> **Extracted data**:
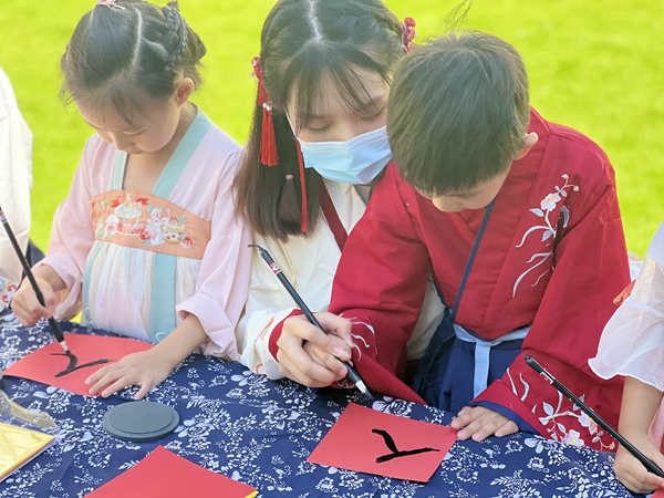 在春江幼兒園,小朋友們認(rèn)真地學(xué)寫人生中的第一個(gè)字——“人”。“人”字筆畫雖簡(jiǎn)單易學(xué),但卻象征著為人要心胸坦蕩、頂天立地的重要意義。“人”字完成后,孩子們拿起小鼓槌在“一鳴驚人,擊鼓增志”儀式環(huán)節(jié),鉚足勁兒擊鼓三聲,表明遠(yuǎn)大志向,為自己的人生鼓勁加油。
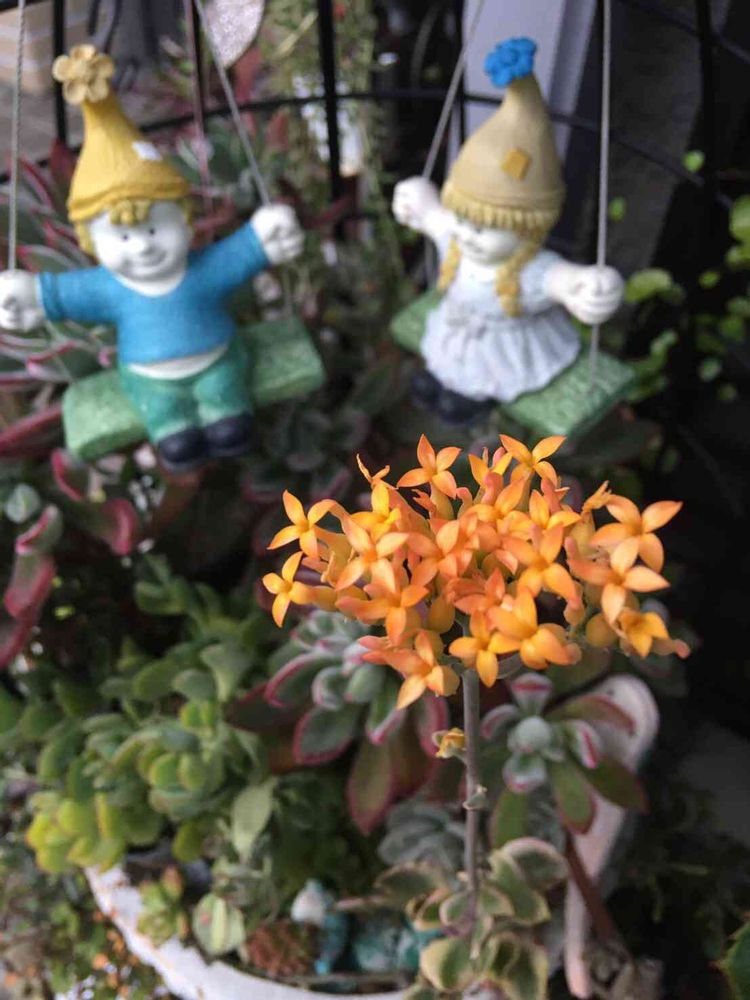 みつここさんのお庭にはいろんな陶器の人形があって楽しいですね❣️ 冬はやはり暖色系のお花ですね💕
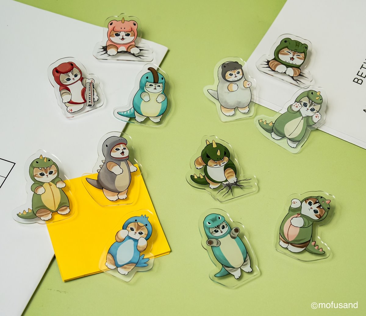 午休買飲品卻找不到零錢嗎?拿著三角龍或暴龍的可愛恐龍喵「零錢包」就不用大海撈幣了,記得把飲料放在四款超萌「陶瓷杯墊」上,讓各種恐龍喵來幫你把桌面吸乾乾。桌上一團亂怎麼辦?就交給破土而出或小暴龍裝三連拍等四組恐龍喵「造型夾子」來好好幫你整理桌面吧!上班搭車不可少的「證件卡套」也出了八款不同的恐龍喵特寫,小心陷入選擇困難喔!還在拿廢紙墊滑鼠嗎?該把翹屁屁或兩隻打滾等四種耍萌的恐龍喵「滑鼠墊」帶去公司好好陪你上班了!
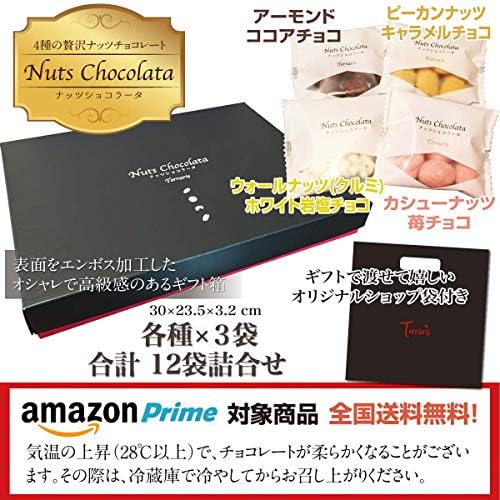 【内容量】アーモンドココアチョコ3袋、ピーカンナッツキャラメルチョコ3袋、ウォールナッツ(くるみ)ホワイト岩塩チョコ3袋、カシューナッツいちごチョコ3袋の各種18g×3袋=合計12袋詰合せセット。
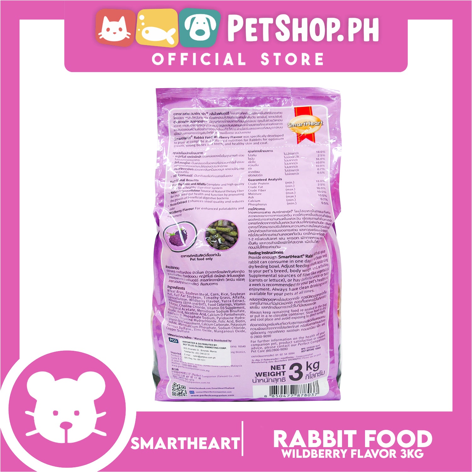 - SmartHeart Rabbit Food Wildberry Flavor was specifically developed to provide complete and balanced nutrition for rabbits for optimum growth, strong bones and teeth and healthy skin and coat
...
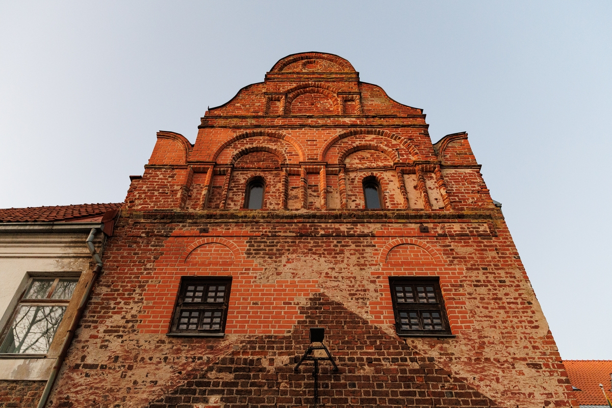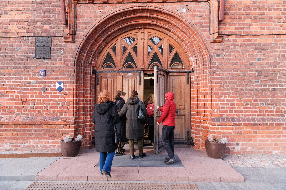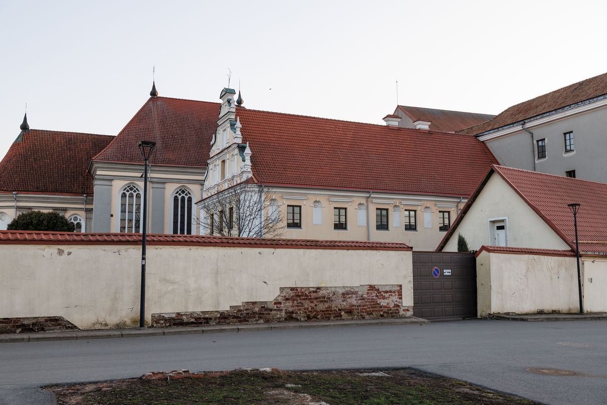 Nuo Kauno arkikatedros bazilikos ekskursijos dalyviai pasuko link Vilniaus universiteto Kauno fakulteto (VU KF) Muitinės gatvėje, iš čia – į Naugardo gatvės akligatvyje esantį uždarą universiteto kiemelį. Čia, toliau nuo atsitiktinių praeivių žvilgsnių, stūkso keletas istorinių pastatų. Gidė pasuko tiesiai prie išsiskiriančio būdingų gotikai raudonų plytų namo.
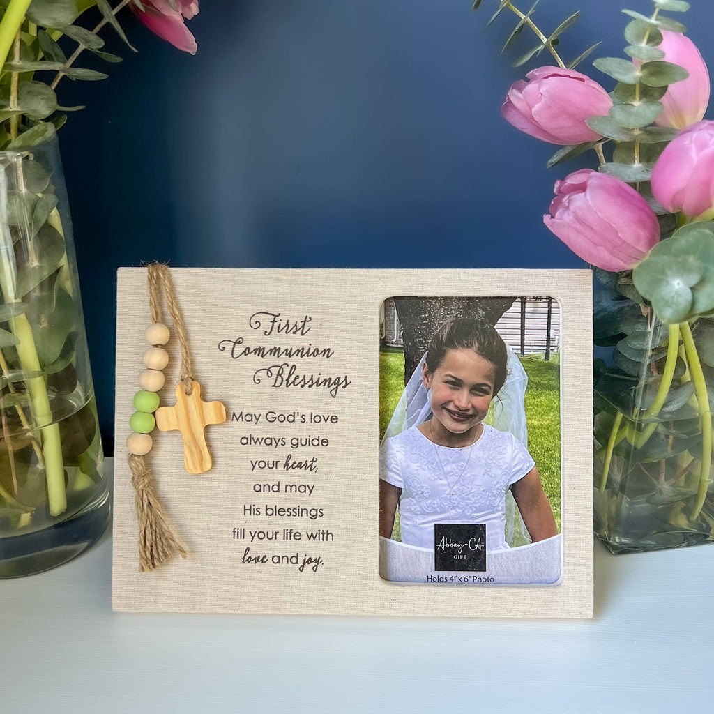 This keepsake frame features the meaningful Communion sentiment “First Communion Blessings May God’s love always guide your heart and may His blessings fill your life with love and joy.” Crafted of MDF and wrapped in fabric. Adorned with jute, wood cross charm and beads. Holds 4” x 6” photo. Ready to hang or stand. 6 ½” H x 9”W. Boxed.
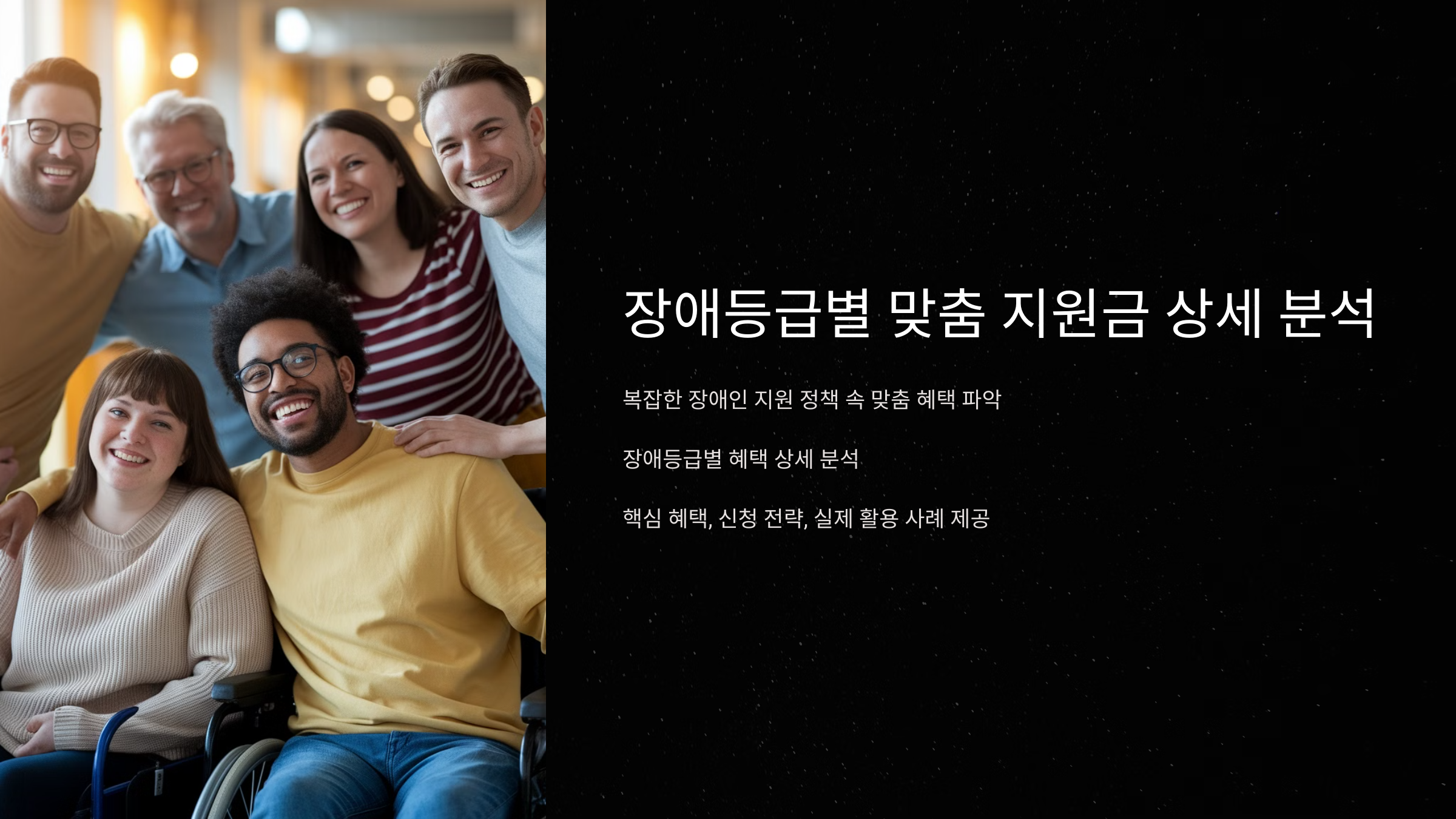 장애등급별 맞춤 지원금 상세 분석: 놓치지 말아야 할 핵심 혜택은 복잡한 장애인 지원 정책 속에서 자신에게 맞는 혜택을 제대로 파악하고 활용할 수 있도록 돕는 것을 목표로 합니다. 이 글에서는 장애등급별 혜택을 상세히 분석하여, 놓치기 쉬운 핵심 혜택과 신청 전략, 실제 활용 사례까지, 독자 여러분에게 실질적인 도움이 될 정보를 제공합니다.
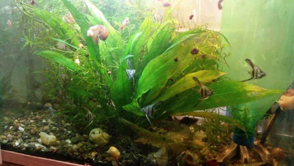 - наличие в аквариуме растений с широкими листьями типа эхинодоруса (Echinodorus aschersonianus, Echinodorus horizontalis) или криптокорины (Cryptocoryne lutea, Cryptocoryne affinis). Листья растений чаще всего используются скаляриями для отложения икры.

> **To do**: Starting at the line above that has "在春江幼兒園,小朋友們認(r" and ending at the line that has "- SmartHeart Rabbit", copy each line exactly, leaving the pictures out and adding nothing.

> **Answer for this exercise**:
 在春江幼兒園,小朋友們認(rèn)真地學(xué)寫人生中的第一個(gè)字——“人”。“人”字筆畫雖簡(jiǎn)單易學(xué),但卻象征著為人要心胸坦蕩、頂天立地的重要意義。“人”字完成后,孩子們拿起小鼓槌在“一鳴驚人,擊鼓增志”儀式環(huán)節(jié),鉚足勁兒擊鼓三聲,表明遠(yuǎn)大志向,為自己的人生鼓勁加油。
 みつここさんのお庭にはいろんな陶器の人形があって楽しいですね❣️ 冬はやはり暖色系のお花ですね💕
 午休買飲品卻找不到零錢嗎?拿著三角龍或暴龍的可愛恐龍喵「零錢包」就不用大海撈幣了,記得把飲料放在四款超萌「陶瓷杯墊」上,讓各種恐龍喵來幫你把桌面吸乾乾。桌上一團亂怎麼辦?就交給破土而出或小暴龍裝三連拍等四組恐龍喵「造型夾子」來好好幫你整理桌面吧!上班搭車不可少的「證件卡套」也出了八款不同的恐龍喵特寫,小心陷入選擇困難喔!還在拿廢紙墊滑鼠嗎?該把翹屁屁或兩隻打滾等四種耍萌的恐龍喵「滑鼠墊」帶去公司好好陪你上班了!
 【内容量】アーモンドココアチョコ3袋、ピーカンナッツキャラメルチョコ3袋、ウォールナッツ(くるみ)ホワイト岩塩チョコ3袋、カシューナッツいちごチョコ3袋の各種18g×3袋=合計12袋詰合せセット。
 - SmartHeart Rabbit Food Wildberry Flavor was specifically developed to provide complete and balanced nutrition for rabbits for optimum growth, strong bones and teeth and healthy skin and coat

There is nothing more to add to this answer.